Между тем, посреди всего этого, продолжается борьба между оппозиционным духом и правительством. Ламартин поворачивается лицом к оппозиции, Кине и Ламенне продолжают затеянную борьбу и поддерживают ее. Судебные процессы против печати становятся еще более ожесточенными, чем прежде. В один прекрасный день «Французская газета» публикует письма герцога Орлеанского, написанные им в эмиграции, письма, которые мы упоминали выше, письма, в которых принц-изгнанник просит у Испании разрешения служить против Франции и высказывает Людовику XVIII свое мнение о Наполеоне, мнение, совершенно отличное от того, какое прозвучало с депутатской трибуны в тот день, когда было объявлено о переносе праха императора.
Двадцать четвертого января «Франция», в свой черед, публикует статью под названием «Личная политика Луи Филиппа, изложенная им самим». На сей раз это уже не письма принца-изгнанника, который просит разрешения служить против Франции или выражает свое мнение об императоре накануне его падения, это письма короля Луи Филиппа, свидетельствующие о его полной преданности Англии, письма, где можно прочитать следующие строки:
«Вообще говоря, мое самое искреннее и самое твердое намерение состоит в том, чтобы сохранять нерушимыми все договоры, заключенные на протяжении последних пятнадцати лет между европейскими державами и Францией, Что же касается вопросов, связанных с оккупацией Алжира, то здесь мои мотивы более личного характера и еще более сильные для того, чтобы точно выполнить обязательства, принятые моей семьей в отношении Великобритании.
Этими мотивами являются испытываемое мною горячее желание быть приятным Его Британскому Величеству и мое глубокое убеждение, что тесный союз между нашими странами необходим не только для наших взаимных интересов, но и для интересов европейской цивилизации. Стало быть Вы можете, господин посол, подтвердить вашему правительству, что мое правительство будет неукоснительно придерживаться обязательств, принятых Его Величеством Карлом X в отношении оккупации Алжира.

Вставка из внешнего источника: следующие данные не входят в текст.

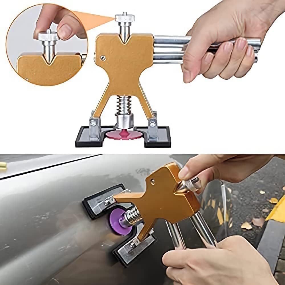 - đ§ăMeets all your requiredă Goldener Dellenheber Entfernung speziell fĂŒr kleine Dellen, T-Puller arbeitet auf Delle der grossen FlĂ€che, Hammer und Nylonstift hilft Ihnen, zu nivellieren und zu reparieren, die Beulen, die Sie nicht gut beherrschen die StĂ€rke. Cleaning Tools können Ihr Auto neu aussehen lassen!
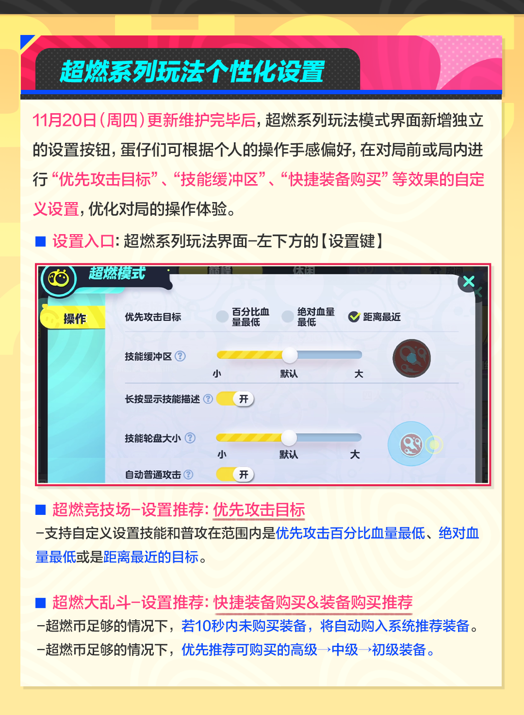 11月20日(周四)更新维护后,部分超燃蛋仔迎来强度调整和优化。此外,新增超燃系列玩法专属设置按键,蛋仔们可根据个人操作偏好进行设置!

Однако я прошу Вас привлечь внимание британского кабинета к нынешнему состоянию умов во Франции и пояснить ему, что вывод войск из Алжира станет сигналом для самых жестоких обвинений против моего правительства, что он может повлечь за собой самые пагубные последствия и что для мира в Европе важно не лишать популярности только что возникшую власть, которая старается укрепиться. Необходимо поэтому, чтобы Его Британское Величество, успокоенный по части наших намерений и убежденный в нашей твердой воле выполнить обещание, данное ему правительством Реставрации, оставил за нами выбор времени и средств».
И кому же адресованы эти письма? Какому-нибудь другу, посвященному в самые сокровенные мысли государя, который приберег для него тайную мысль, какую нельзя было доверить никому другому?
Нет, они адресованы лорду Стюарту Ротсею, английскому послу.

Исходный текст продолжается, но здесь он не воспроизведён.